((

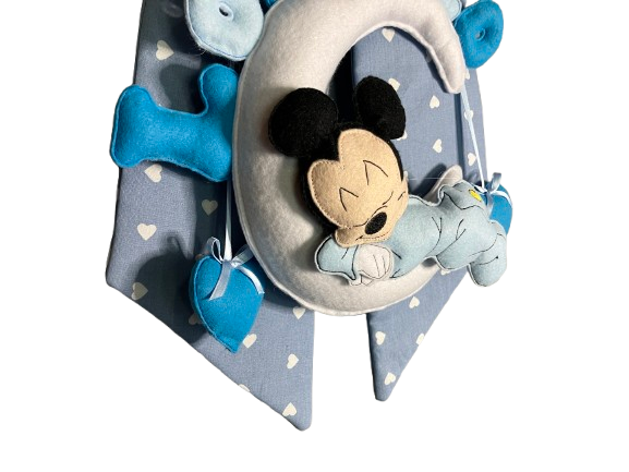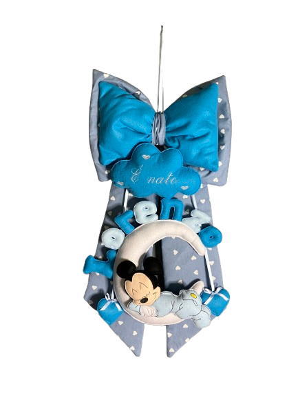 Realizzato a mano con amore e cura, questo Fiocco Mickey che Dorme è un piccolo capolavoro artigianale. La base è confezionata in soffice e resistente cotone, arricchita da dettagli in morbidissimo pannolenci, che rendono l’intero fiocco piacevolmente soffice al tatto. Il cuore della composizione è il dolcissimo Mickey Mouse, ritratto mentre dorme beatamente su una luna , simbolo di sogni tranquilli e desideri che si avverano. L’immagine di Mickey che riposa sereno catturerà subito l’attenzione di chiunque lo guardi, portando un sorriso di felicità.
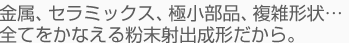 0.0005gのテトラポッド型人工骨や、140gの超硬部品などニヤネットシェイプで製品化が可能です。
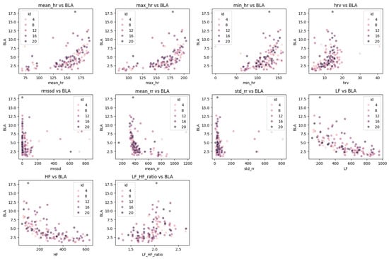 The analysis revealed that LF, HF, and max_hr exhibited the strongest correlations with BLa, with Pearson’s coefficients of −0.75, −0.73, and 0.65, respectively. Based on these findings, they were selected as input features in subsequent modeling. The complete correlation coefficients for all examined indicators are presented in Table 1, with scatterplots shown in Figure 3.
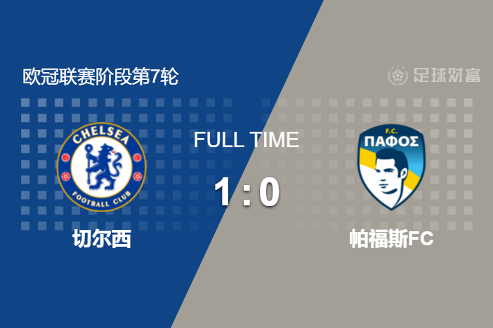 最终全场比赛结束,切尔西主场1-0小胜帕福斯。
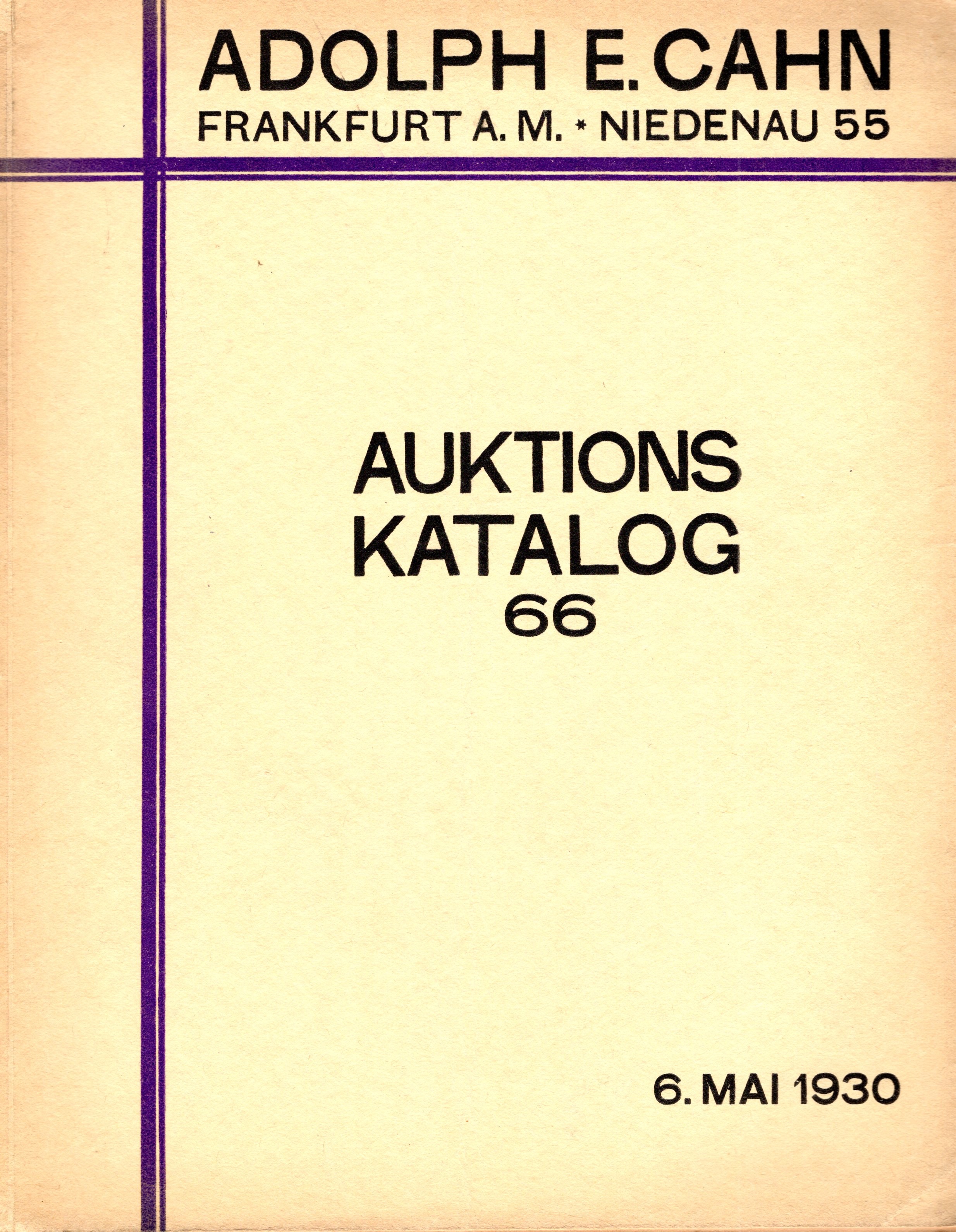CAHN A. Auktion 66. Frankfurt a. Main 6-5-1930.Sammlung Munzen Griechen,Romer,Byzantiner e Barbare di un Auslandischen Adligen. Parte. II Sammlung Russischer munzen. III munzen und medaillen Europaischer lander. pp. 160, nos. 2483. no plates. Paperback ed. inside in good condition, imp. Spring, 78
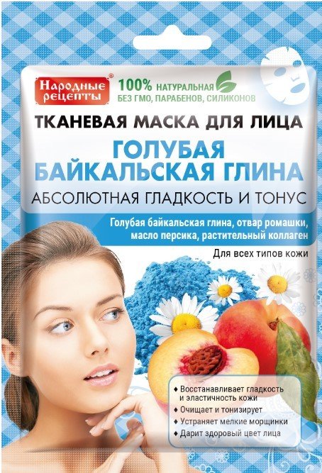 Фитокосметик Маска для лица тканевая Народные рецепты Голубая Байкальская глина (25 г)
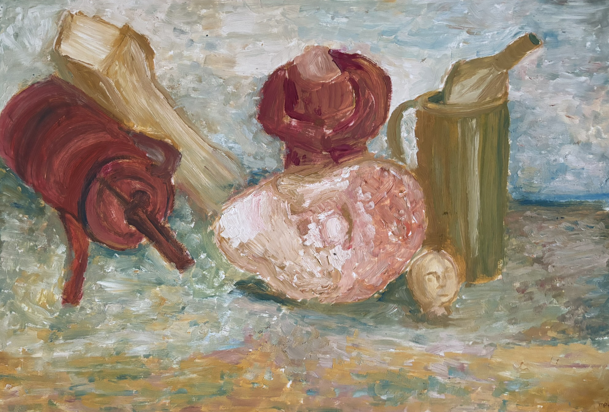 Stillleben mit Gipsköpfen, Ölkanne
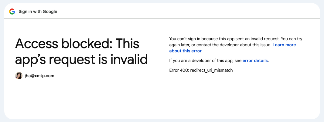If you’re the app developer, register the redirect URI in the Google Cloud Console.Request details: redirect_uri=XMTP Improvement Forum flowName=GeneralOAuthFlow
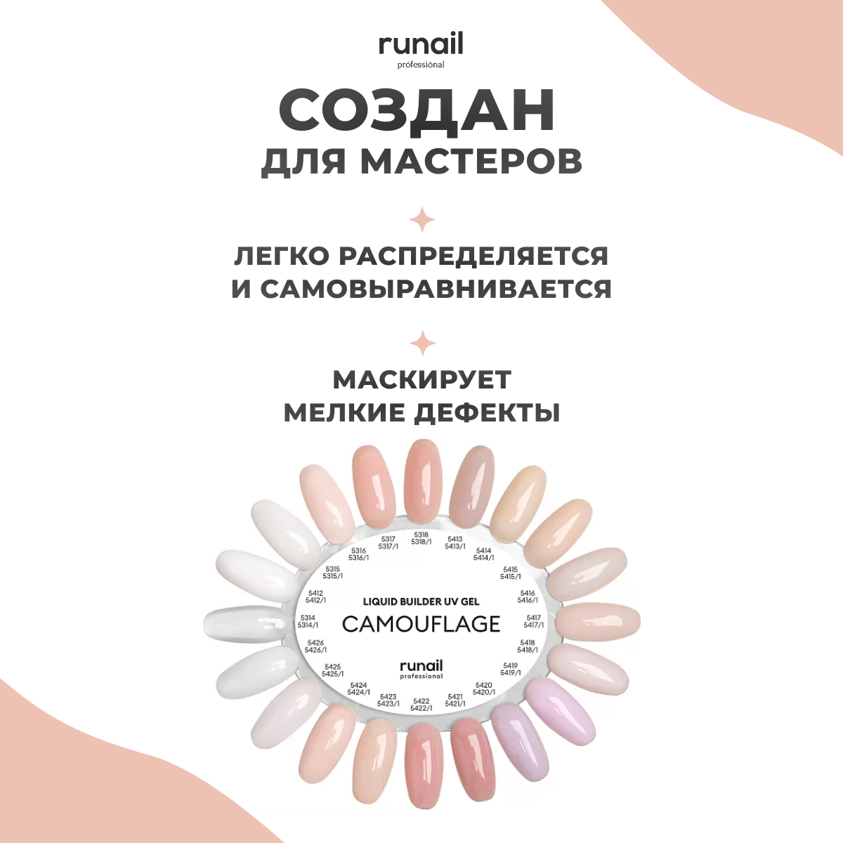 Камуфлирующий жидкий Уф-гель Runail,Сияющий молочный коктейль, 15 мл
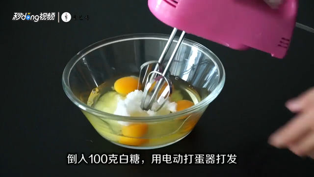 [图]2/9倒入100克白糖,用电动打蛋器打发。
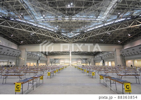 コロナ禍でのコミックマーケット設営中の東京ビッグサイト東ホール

))

WORK ORDER:
Could you reproduce exactly the lines from the first line of the listing through the line containing "最终全场比赛结束,切尔西主场1-0小胜帕福斯。", both included, with pictures left out?

EXPECTED ANSWER:
 Realizzato a mano con amore e cura, questo Fiocco Mickey che Dorme è un piccolo capolavoro artigianale. La base è confezionata in soffice e resistente cotone, arricchita da dettagli in morbidissimo pannolenci, che rendono l’intero fiocco piacevolmente soffice al tatto. Il cuore della composizione è il dolcissimo Mickey Mouse, ritratto mentre dorme beatamente su una luna , simbolo di sogni tranquilli e desideri che si avverano. L’immagine di Mickey che riposa sereno catturerà subito l’attenzione di chiunque lo guardi, portando un sorriso di felicità.
 0.0005gのテトラポッド型人工骨や、140gの超硬部品などニヤネットシェイプで製品化が可能です。
 The analysis revealed that LF, HF, and max_hr exhibited the strongest correlations with BLa, with Pearson’s coefficients of −0.75, −0.73, and 0.65, respectively. Based on these findings, they were selected as input features in subsequent modeling. The complete correlation coefficients for all examined indicators are presented in Table 1, with scatterplots shown in Figure 3.
 最终全场比赛结束,切尔西主场1-0小胜帕福斯。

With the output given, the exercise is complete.